CN112261023A

CN112261023A - Data transmission method and device of convolutional neural network

Info

Publication number: CN112261023A
Application number: CN202011104673.3A
Authority: CN
Inventors: 罗建刚
Original assignee: Suzhou Inspur Intelligent Technology Co Ltd
Current assignee: Suzhou Inspur Intelligent Technology Co Ltd
Priority date: 2020-10-15
Filing date: 2020-10-15
Publication date: 2021-01-22

Abstract

The invention discloses a data transmission method and a data transmission device of a convolutional neural network, wherein the method comprises the steps of dividing data to be transmitted into a plurality of arrays based on a data division mode, and sequentially executing the following steps for each array in response to the start of aggregation of the array above the array: calling computing resources to perform sparse compression on the array at the source processing unit to generate a compressed array; calling communication resources to execute a transmission mode-based protocol on the compressed array; calling communication resources to perform transmission mode-based aggregation on the compressed array; the computing resource is invoked to perform decompression on the compressed array at the target processing unit to extract the array. The invention can reduce the communication data volume under the condition of ensuring the convergence precision so as to improve the transmission efficiency, reduce the waiting time and improve the overall speed.

Description

Data transmission method and device of convolutional neural network

Technical Field

The present invention relates to the field of neural networks, and more particularly, to a data transmission method and apparatus for a convolutional neural network.

Background

Increasingly sophisticated machine learning algorithms, such as Deep Neural Networks (DNN), Convolutional Neural Networks (CNN), etc., can achieve unprecedented performance in many practical applications and solve many areas of difficulty, such as speech recognition, text processing, and image recognition. However, a long time is often required for training on a single Graphics Processing Unit (GPU), and the application is limited to a certain extent due to low efficiency. The most widely used method to reduce training time is to perform data parallel training. In data parallel training, each GPU has a complete copy of the model parameters, and the GPU often exchanges parameters with other GPUs participating in the training, which results in significant communication costs and becomes a system bottleneck when communication is slow.

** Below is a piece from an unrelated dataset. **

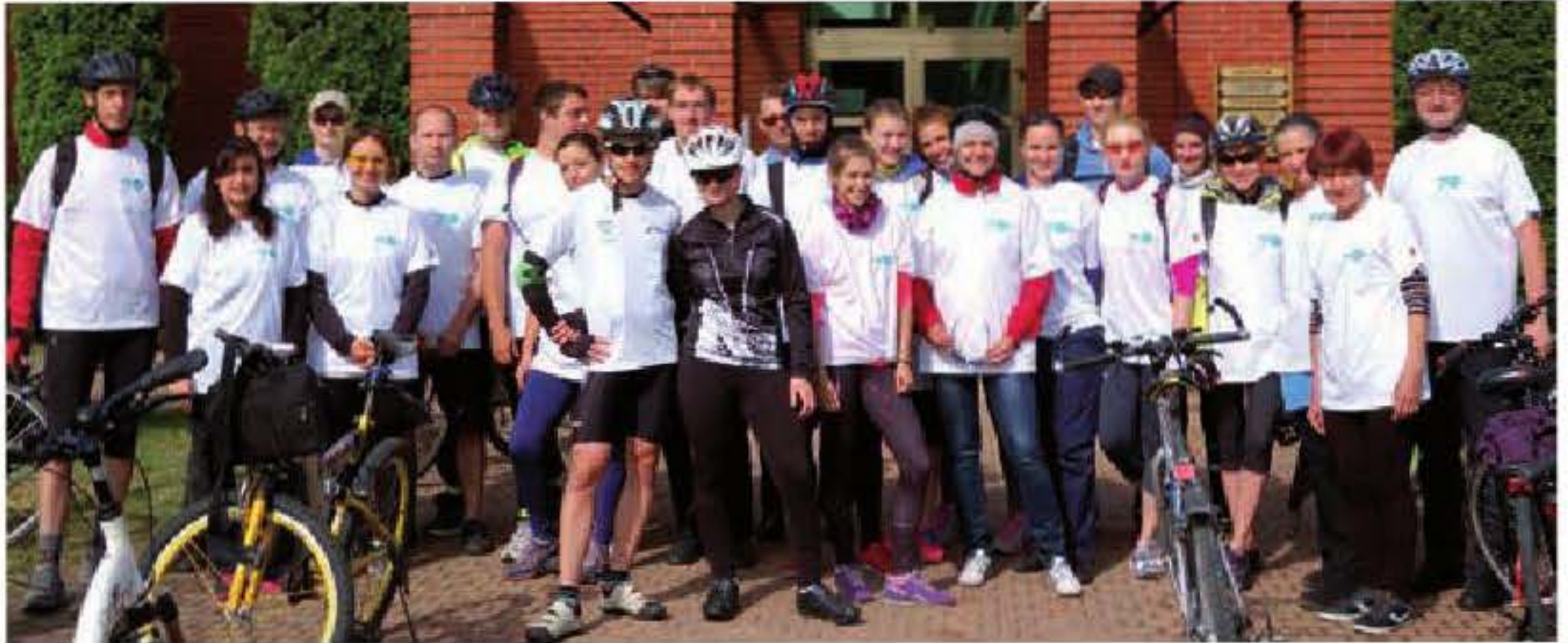
Uczestnicy rajdu 70 km na 70-lecie PŁ

In order to solve the communication bottleneck in training, the communication bottleneck can be solved from two aspects of hardware and software. More advanced GPU interconnection technology is adopted in the aspect of hardware; advanced modern communication libraries are employed in software. The ring communication method is applied more in the existing communication method, and the Pipeline technology can be effectively adopted, so that the method has good expansibility and is applied more in large data volume transmission. However, under the limitation of a low-speed network, for example, under a partial PCIE connection, the transmission speed is only about 7.5GB/s, which has gradually become a bottleneck for GPU calculation. In the case of multi-node transmission, the transmission is often performed through a network, which imposes a more serious restriction on GPU interactive computation.

Aiming at the problems of large communication data volume, long time consumption and slow overall task processing progress of the convolutional neural network in the prior art, no effective solution is available at present.

Disclosure of Invention

In view of the above, an object of the embodiments of the present invention is to provide a data transmission method and apparatus for a convolutional neural network, which can reduce the amount of communication data to improve the transmission efficiency, reduce the latency, and improve the overall speed while ensuring the convergence accuracy.

In view of the above object, a first aspect of the embodiments of the present invention provides a data transmission method for a convolutional neural network, including dividing data to be transmitted into a plurality of arrays based on a data division manner, and sequentially performing the following steps for each array in response to a previous array starting aggregation:

calling computing resources to perform sparse compression on the array at the source processing unit to generate a compressed array;

calling communication resources to execute a transmission mode-based protocol on the compressed array;

calling communication resources to perform transmission mode-based aggregation on the compressed array;

the computing resource is invoked to perform decompression on the compressed array at the target processing unit to extract the array.

In some embodiments, performing the sparse compression on the array to generate the compressed array comprises:

extracting the value and position of each element from the array to form a pair of numbers;

deleting the element number pairs with the value of zero;

the remaining pairs of element numbers are combined to form a compressed array.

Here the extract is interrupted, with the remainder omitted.